Have You Had Complications After Taking PPIs?
Proton pump inhibitors are some of the most commonly prescribed medications in the U.S. and are regularly used by over 30 million Americans. They are routinely prescribed for people who have symptoms of acid reflux and are in the top 10 types of drugs given to Medicare patients.
Gastroesophageal reflux disease (GERD) is a disorder which causes frequent, chronic heartburn. People with GERD may experience symptoms such as a burning sensation in the chest or throat due to burping and regurgitation of food or stomach acid. Over time, GERD may also cause difficulty swallowing (dysphagia), hoarseness of voice, sore throat, dry cough, and chest pain.
PPIs were first introduced as prescription medications in the U.S. in 1990 and several are now available over-the-counter (OTC) without a prescription. Though PPIs are often effective at alleviating symptoms of heartburn, they may cause side effects which are harmful and have raised safety concerns.

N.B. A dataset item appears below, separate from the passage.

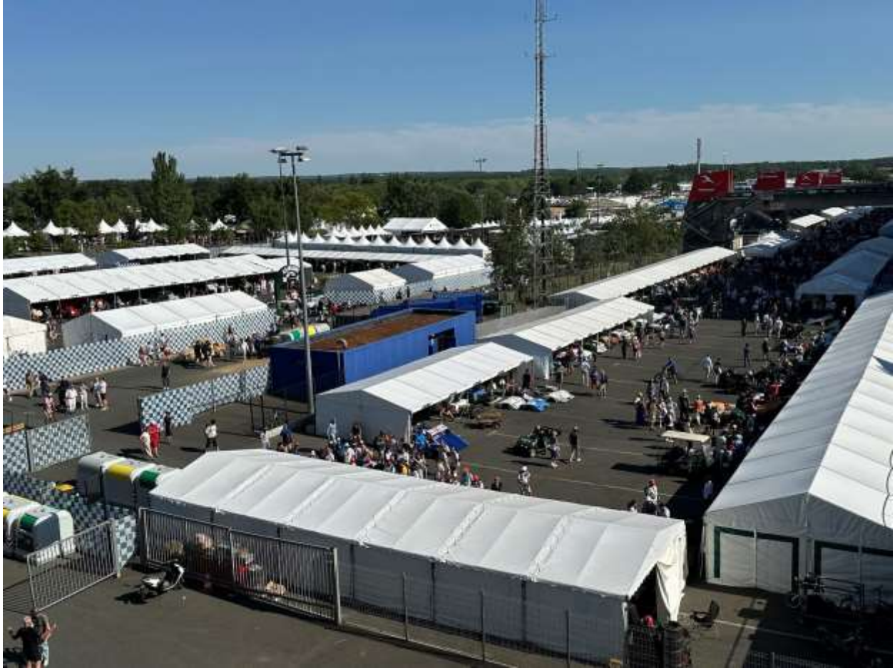
Some of the paddocks...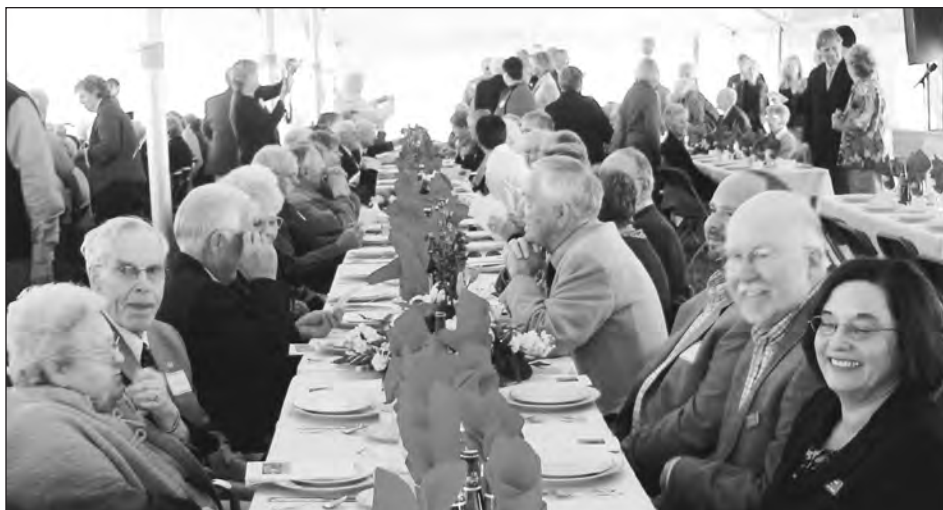
25th Anniversary guests enjoy a Rebild-style tent luncheon.

Normally, a sphincter muscle at the top of the stomach keeps acid from backing up into the esophagus. People with GERD have an esophageal sphincter which does not close adequately, allowing for reflux of highly acidic stomach contents. Over time, the esophagus may become inflamed and damaged due to acid exposure. PPIs work to treat GERD and other stomach conditions by blocking “proton pumps” which release stomach acid, allowing for esophageal tissue to heal.
Common Proton Pump Inhibitors
PPIs are prescribed to treat conditions like GERD and are used for the treatment and prevention of duodenal ulcers and peptic ulcer disease (PUD). They are also used as OTC medications for “chronic” heartburn, without a doctor’s prescription.
Popular PPIs include:
- Omeprazole (Prilosec, Prilosec OTC)
- Omeprazole / Sodium Bicarbonate (Zegerid, Zegerid OTC)
- Esomeprazole (Nexium, Nexium 24 HR)
- Lansoprazole (Prevacid, Prevacid 24 HR)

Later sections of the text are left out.